** Opening INPUT RECORDS block **
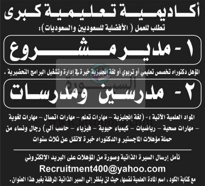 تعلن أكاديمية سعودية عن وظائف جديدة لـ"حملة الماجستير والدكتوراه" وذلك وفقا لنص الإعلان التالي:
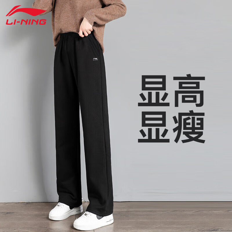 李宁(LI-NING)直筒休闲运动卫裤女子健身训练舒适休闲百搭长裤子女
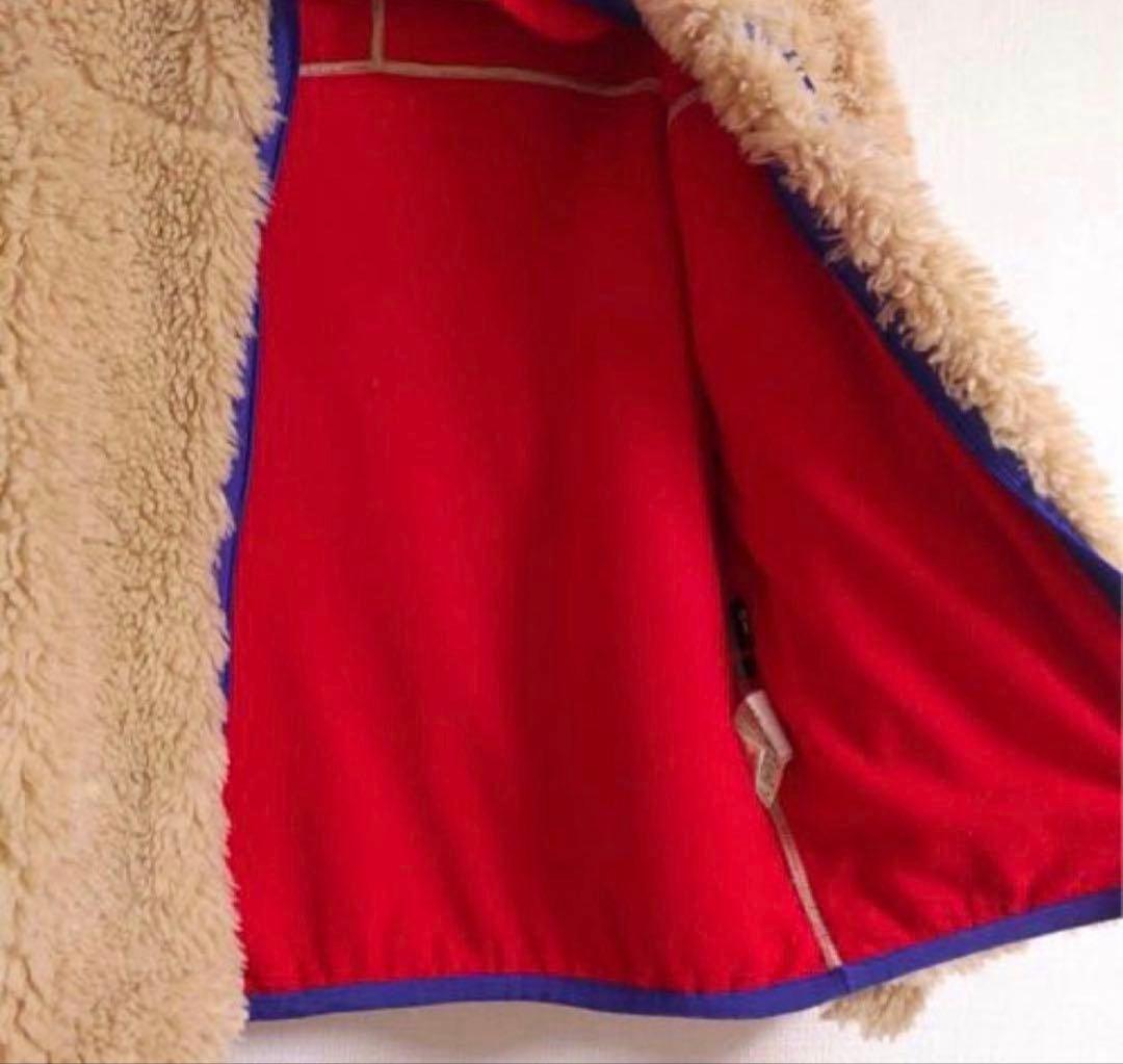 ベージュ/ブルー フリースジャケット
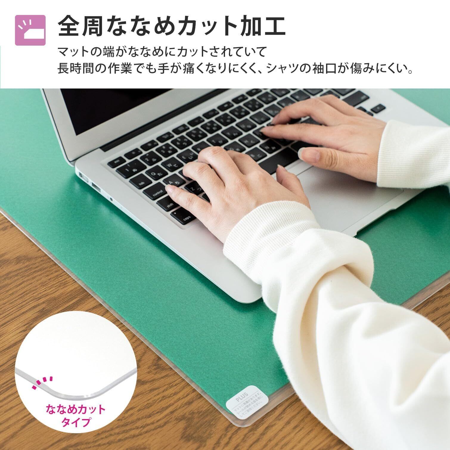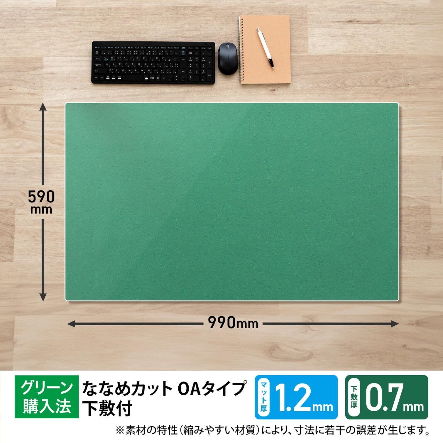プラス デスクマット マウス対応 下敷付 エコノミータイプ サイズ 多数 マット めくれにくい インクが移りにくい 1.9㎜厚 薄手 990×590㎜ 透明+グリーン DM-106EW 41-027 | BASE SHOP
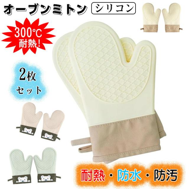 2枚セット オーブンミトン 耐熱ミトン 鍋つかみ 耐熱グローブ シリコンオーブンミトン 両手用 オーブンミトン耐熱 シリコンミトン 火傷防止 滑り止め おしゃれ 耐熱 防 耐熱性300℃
** Closing INPUT RECORDS block **
** Opening INPUT RECORDS block **
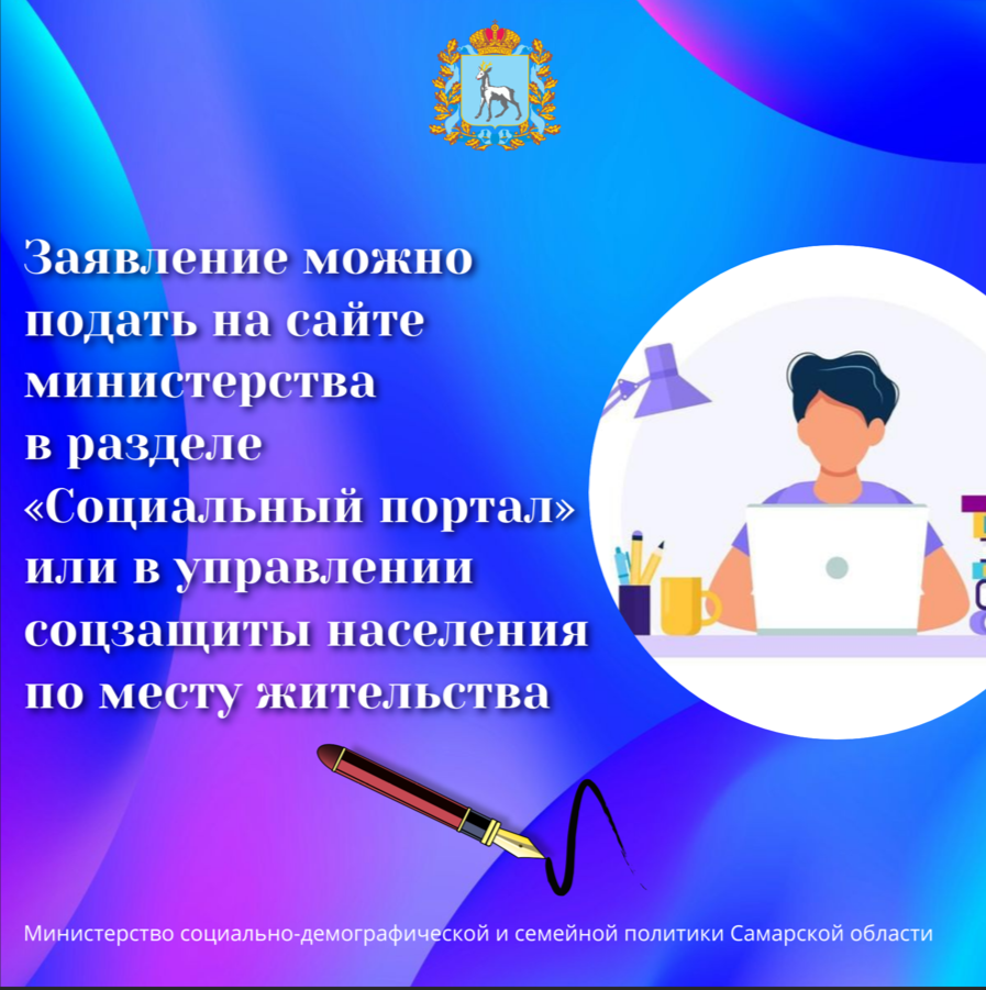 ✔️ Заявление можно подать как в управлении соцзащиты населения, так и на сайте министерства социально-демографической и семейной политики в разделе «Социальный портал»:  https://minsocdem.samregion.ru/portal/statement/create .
** Closing INPUT RECORDS block **
** Opening INPUT RECORDS block **
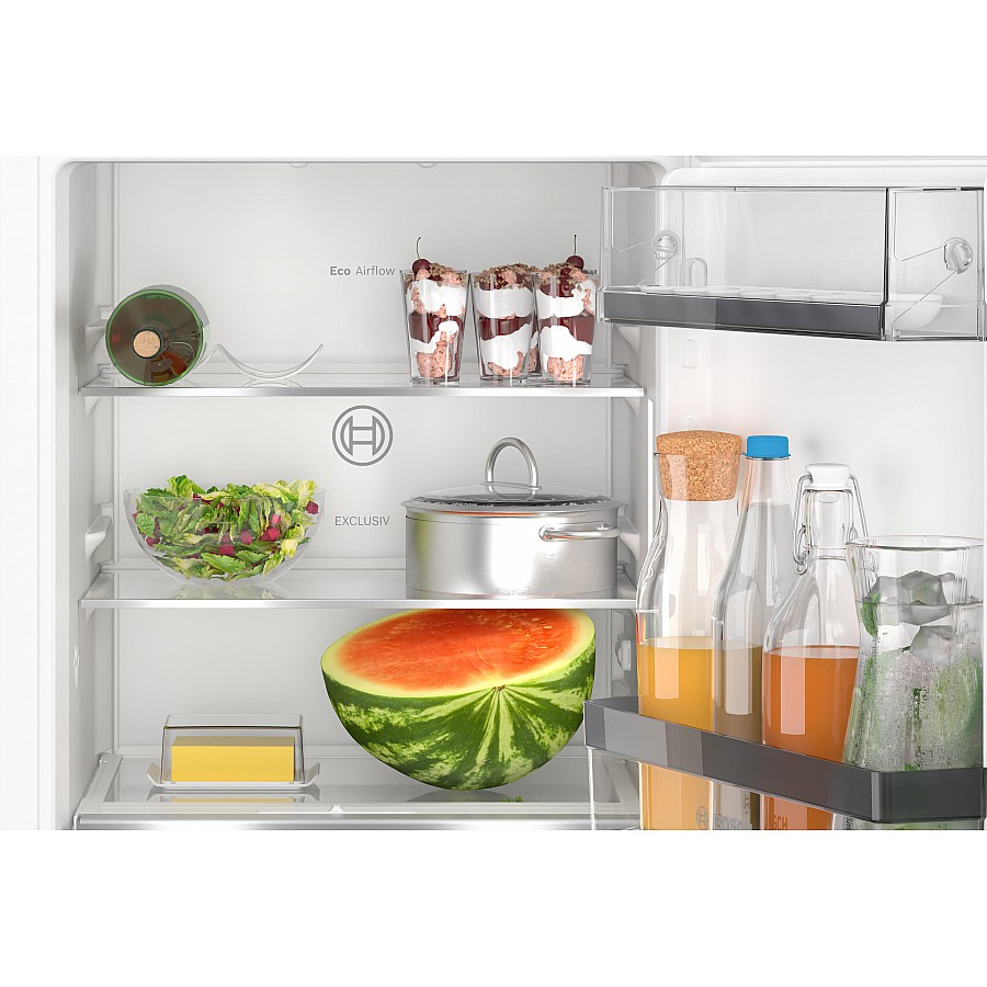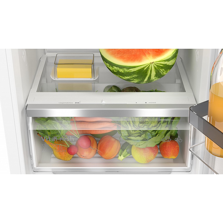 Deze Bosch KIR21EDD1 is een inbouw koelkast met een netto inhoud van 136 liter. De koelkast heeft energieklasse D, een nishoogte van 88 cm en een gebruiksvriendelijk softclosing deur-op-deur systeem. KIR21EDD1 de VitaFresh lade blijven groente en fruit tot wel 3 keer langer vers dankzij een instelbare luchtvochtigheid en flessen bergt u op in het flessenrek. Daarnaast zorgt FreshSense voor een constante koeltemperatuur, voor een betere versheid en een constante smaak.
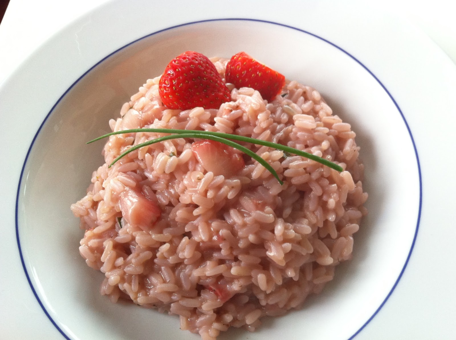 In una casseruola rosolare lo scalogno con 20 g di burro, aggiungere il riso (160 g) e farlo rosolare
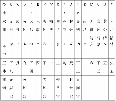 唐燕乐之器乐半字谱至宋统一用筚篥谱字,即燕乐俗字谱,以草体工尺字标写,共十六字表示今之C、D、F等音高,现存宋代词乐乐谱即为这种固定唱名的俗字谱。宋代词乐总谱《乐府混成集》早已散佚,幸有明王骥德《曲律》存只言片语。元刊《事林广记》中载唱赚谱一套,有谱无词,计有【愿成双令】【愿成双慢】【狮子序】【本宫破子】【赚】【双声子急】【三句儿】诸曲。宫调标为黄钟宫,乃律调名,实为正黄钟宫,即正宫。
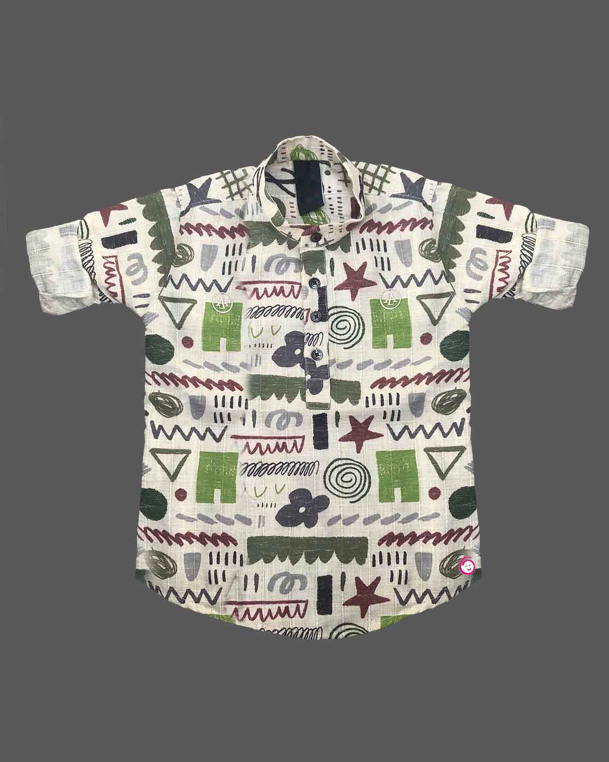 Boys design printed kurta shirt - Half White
** Closing INPUT RECORDS block **
§ **WHAT YOU NEED TO DO**
In the listing above, find the line with "唐燕乐之器乐半字谱至宋统一用" and the line with "Boys design printed kurta shirt - Half White". Copy both of them and every line between, exactly, but not the pictures.

§ **EXERCISE SOLUTION**
 唐燕乐之器乐半字谱至宋统一用筚篥谱字,即燕乐俗字谱,以草体工尺字标写,共十六字表示今之C、D、F等音高,现存宋代词乐乐谱即为这种固定唱名的俗字谱。宋代词乐总谱《乐府混成集》早已散佚,幸有明王骥德《曲律》存只言片语。元刊《事林广记》中载唱赚谱一套,有谱无词,计有【愿成双令】【愿成双慢】【狮子序】【本宫破子】【赚】【双声子急】【三句儿】诸曲。宫调标为黄钟宫,乃律调名,实为正黄钟宫,即正宫。
 Boys design printed kurta shirt - Half White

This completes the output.